▶ **INSTRUCTIONS TO FOLLOW**
In the records below, the relevant part opens with the line containing "Example 6: If" and closes with the line containing "Φανταστείτε να μεταμορφώσετε"; print that part exactly and only, without its pictures.

▶ **DATA EXCERPTS**
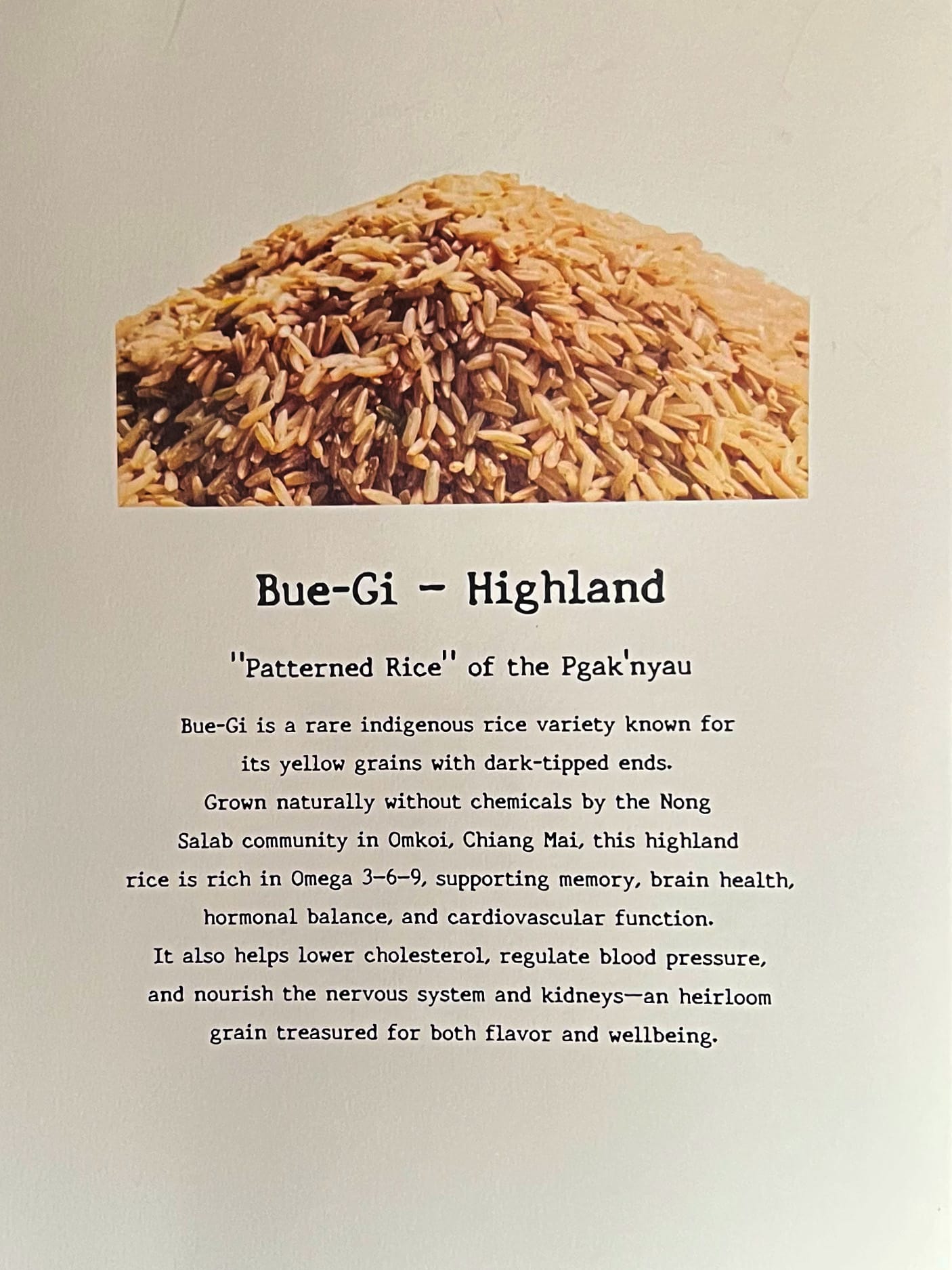 - The rare bue-gi highland rice provides a medium-to-hard texture.
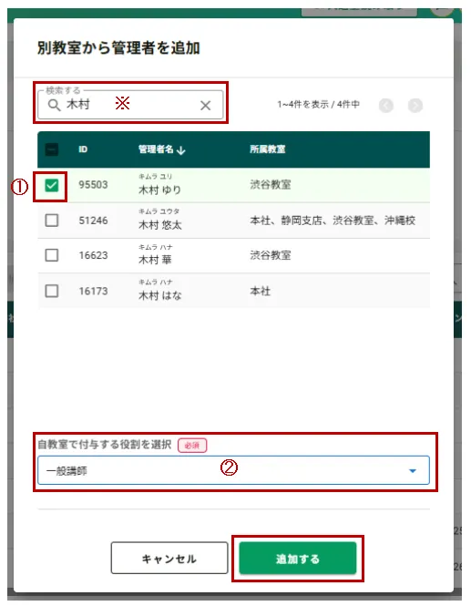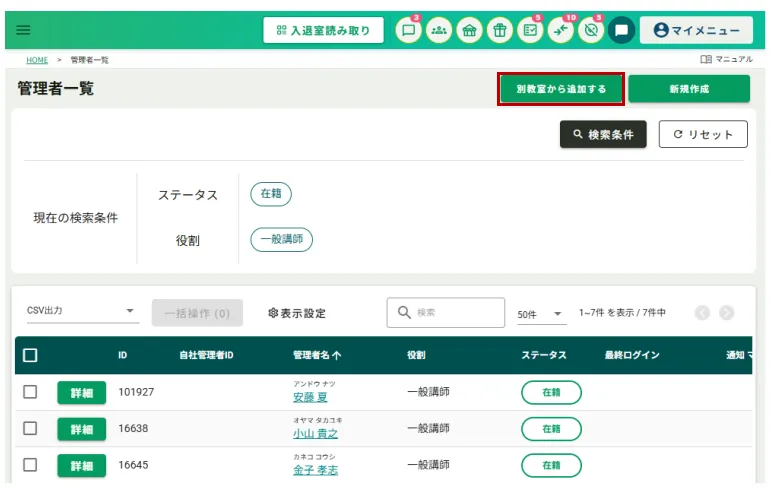 「別教室から追加する」をクリックし、別教室から管理者を追加する画面を表示します。
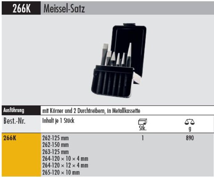 Produktinformationen "Meißel u. Körner-Satz 266 K mit Durchtreiber in Metallkassette"
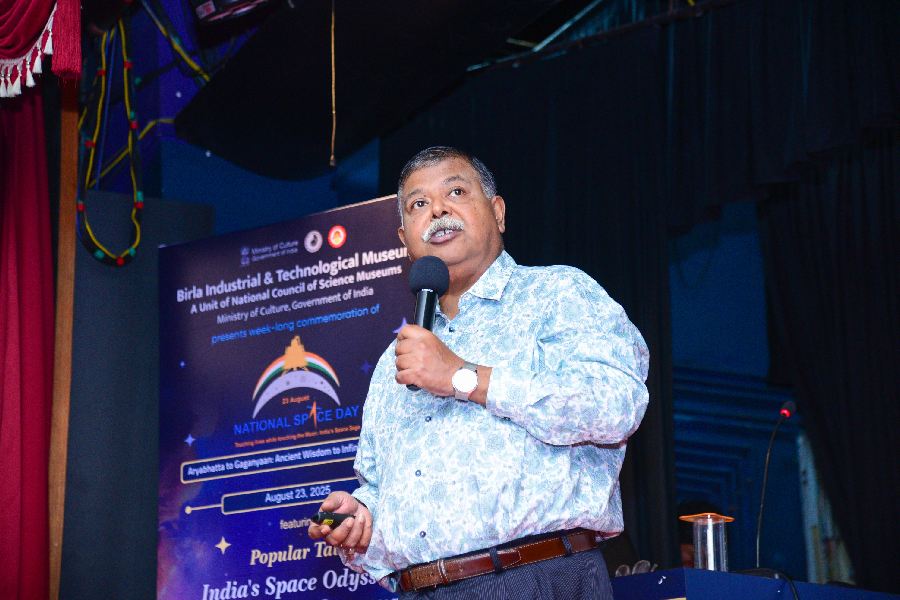 On the occasion of National Science Day, Dr Debiprosad Duari cuts the ribbon to open the exhibition From Ancient Skies to Modern Horizons, joined by Arnab Chatterjee, director, Birla Industrial and Technological Museum (BITM) and eager school children.
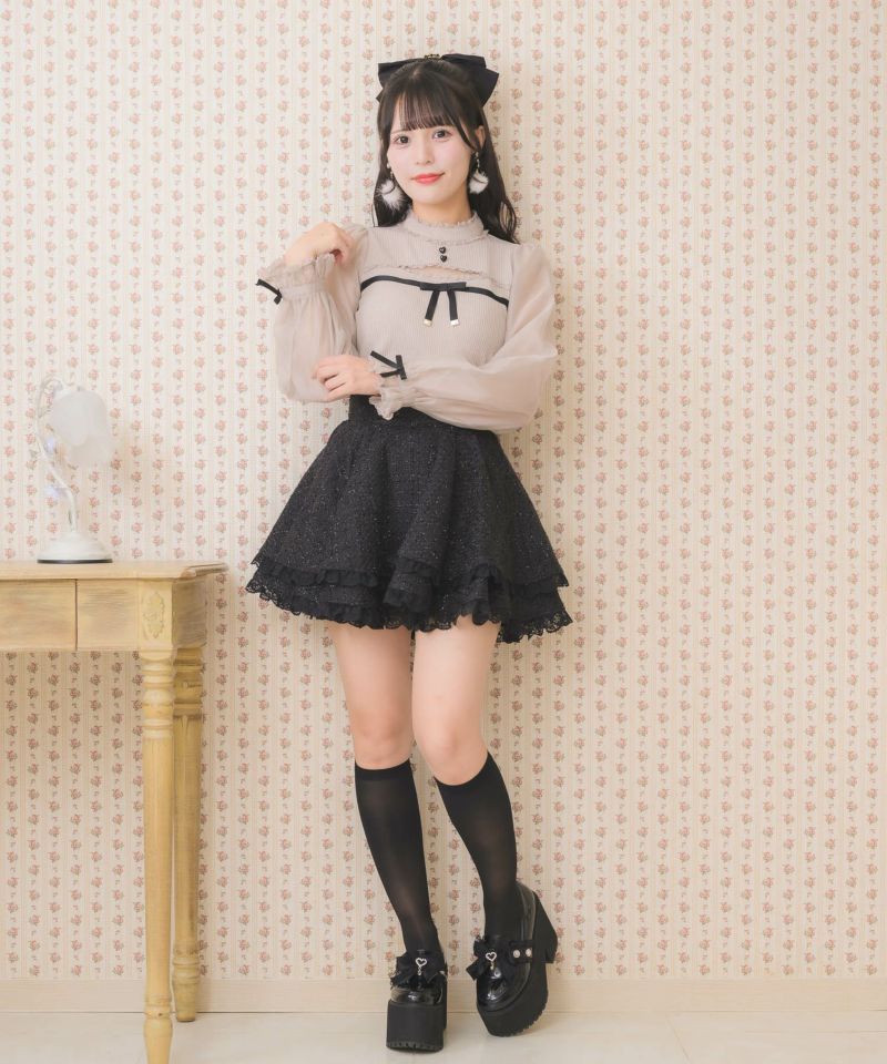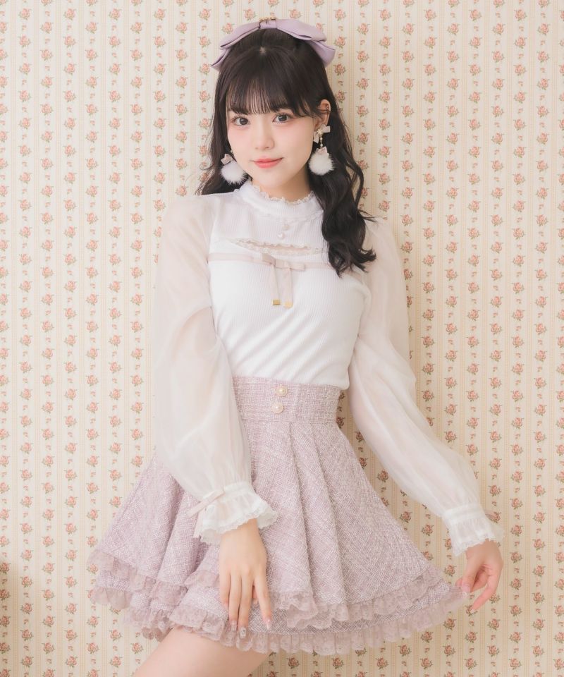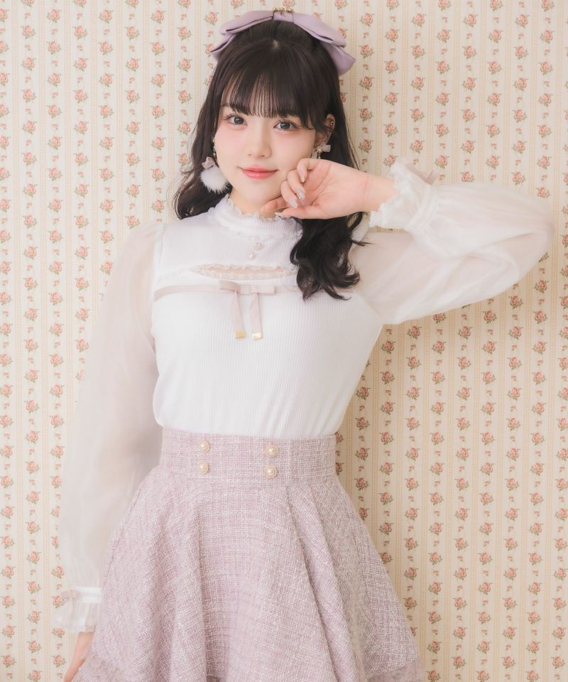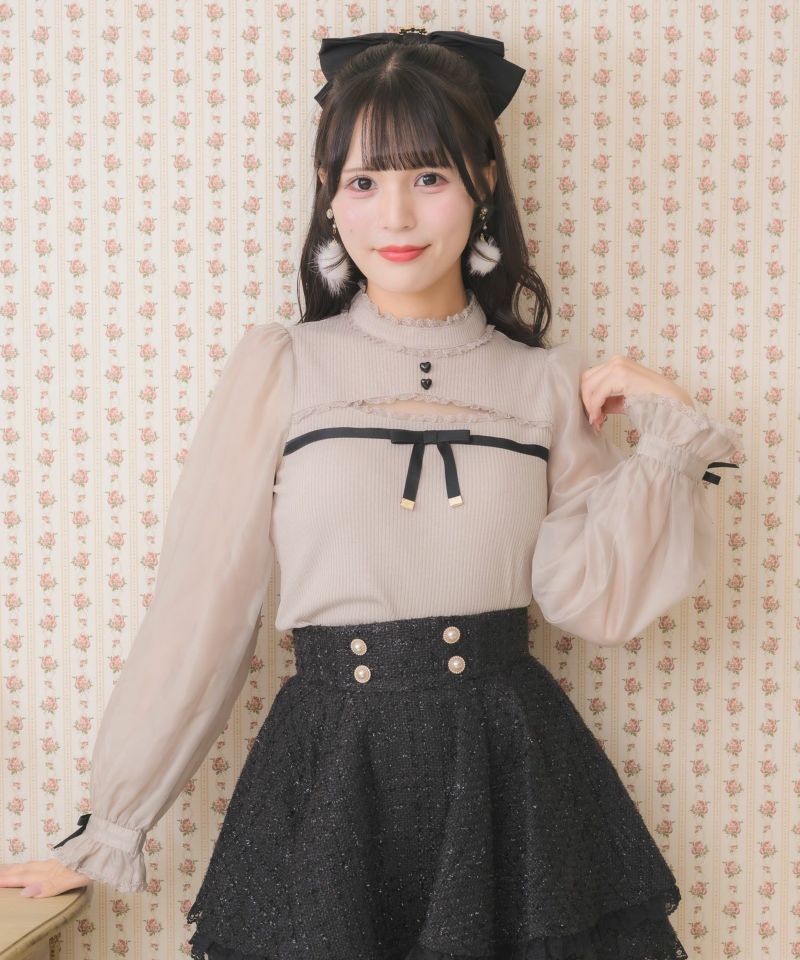 季節の変わり目&インナーとしても合わせやすい薄手のトップス♡控えめな肌見せとシアーの透け感がマッチしておしゃれ上級者に磨きをかけます。テープリボンがアクセントになり、バランスよくメリハリをプラス◎コロンとしたハート釦で甘いニュアンスを加速させます。 モデル身長ブラック・ホワイト163cm/ピンク162cm
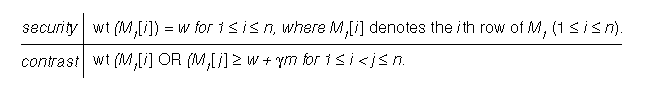Example 6: If these two properties are satisfied, then the matrices M0 and M1 comprise a two-out-of-n visual-threshold scheme.
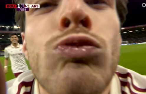01月04日讯 英超第20轮,阿森纳客场3-2伯恩茅斯,赖斯在攻入第二球时答应地亲吻录像机镜头庆祝。赛后,在接纳《太空体育》采访时,雷德克纳普与赖斯回忆此事。
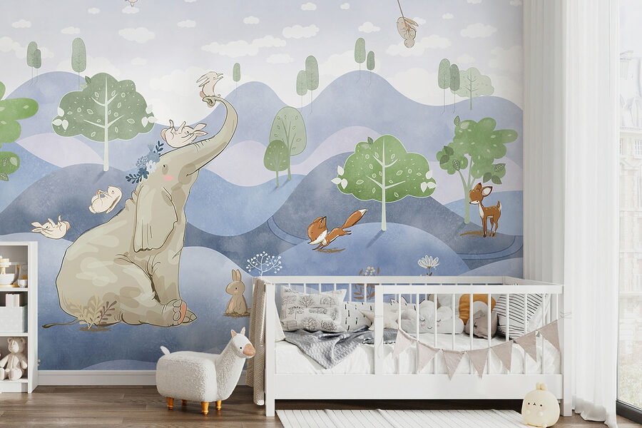 Φανταστείτε να μεταμορφώσετε το δωμάτιο ενός παιδιού σε μια αλλόκοτη χώρα των θαυμάτων με αυτή την παιχνιδιάρικη τοιχογραφία. Με ένα αξιολάτρευτο κουνέλι που κρατάει ένα λουλούδι, το οποίο πλαισιώνεται από ένα χαρούμενο καστ από ζωάκια όπως ένας ελέφαντας, μια αλεπού και ένα ελάφι, είναι βγαλμένο από παραμύθι. Τα παστέλ χρώματα και το ονειρικό τοπίο φέρνουν μια αίσθηση ηρεμίας και χαράς – τέλεια για να κεντρίσουν τη φαντασία των μικρών. Φανταστείτε παραμύθια που ζωντανεύουν ή τεμπέλικα απογεύματα που χάνονται σε ονειροπολήσεις. Αφήστε αυτή την τοιχογραφία να φωτίσει κάθε χώρο, δημιουργώντας ένα μαγικό καταφύγιο όπου συνυπάρχουν η περιπέτεια και η γαλήνη.
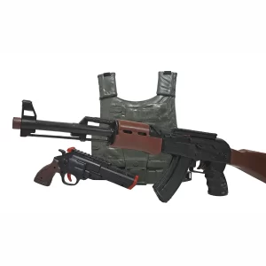 هیجان یک بازی پلیسی بیرون از خانه را با ست اسباب بازی پلیس کلاش جلیقه به کودکان هدیه دهید. این ست جذاب که شامل یک هفت تیر، یک کلاشینکف، گلولههای گرد پلاستیکی و تیرهای چسبونکی، جلیقه، چاقو، نارنجک، بیسیم، نشان پلیس و دستبند میشود، یکی از کاملترین ست های پلیسی برای نقشآفرینی کودکان به عنوان یک افسر پلیس است و جای اعتراضی را برای کودکان باقی نمیگذارد.
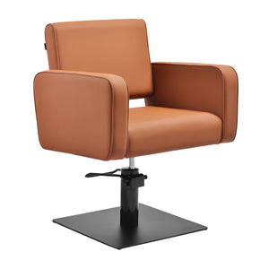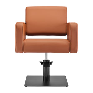 A Gabbiano Bilbao fodrászszék ötvözi a minimalista kialakítást a funkcionalitással és a mindennapi kényelemmel. A finoman lekerekített vonalak könnyed és modern érzetet kölcsönöznek neki, míg a stabil, matt fekete négyzet alakú alap kiemeli stílusos megjelenését. A puha párnázás a kellemes tapintású, barna árnyalatú szintetikus bőrrel kombinálva kényelmet biztosít még a hosszú kezelések során is. A gondosan kiválasztott anyagok tartósságot, nedvességállóságot és könnyű tisztíthatóságot biztosítanak. A szék kiegészíti mind a modern, mind a klasszikus belső tereket, professzionális jelleget kölcsönözve a szalonnak.

▶ **ANSWER TO THIS EXERCISE**
Example 6: If these two properties are satisfied, then the matrices M0 and M1 comprise a two-out-of-n visual-threshold scheme.
01月04日讯 英超第20轮,阿森纳客场3-2伯恩茅斯,赖斯在攻入第二球时答应地亲吻录像机镜头庆祝。赛后,在接纳《太空体育》采访时,雷德克纳普与赖斯回忆此事。
 Φανταστείτε να μεταμορφώσετε το δωμάτιο ενός παιδιού σε μια αλλόκοτη χώρα των θαυμάτων με αυτή την παιχνιδιάρικη τοιχογραφία. Με ένα αξιολάτρευτο κουνέλι που κρατάει ένα λουλούδι, το οποίο πλαισιώνεται από ένα χαρούμενο καστ από ζωάκια όπως ένας ελέφαντας, μια αλεπού και ένα ελάφι, είναι βγαλμένο από παραμύθι. Τα παστέλ χρώματα και το ονειρικό τοπίο φέρνουν μια αίσθηση ηρεμίας και χαράς – τέλεια για να κεντρίσουν τη φαντασία των μικρών. Φανταστείτε παραμύθια που ζωντανεύουν ή τεμπέλικα απογεύματα που χάνονται σε ονειροπολήσεις. Αφήστε αυτή την τοιχογραφία να φωτίσει κάθε χώρο, δημιουργώντας ένα μαγικό καταφύγιο όπου συνυπάρχουν η περιπέτεια και η γαλήνη.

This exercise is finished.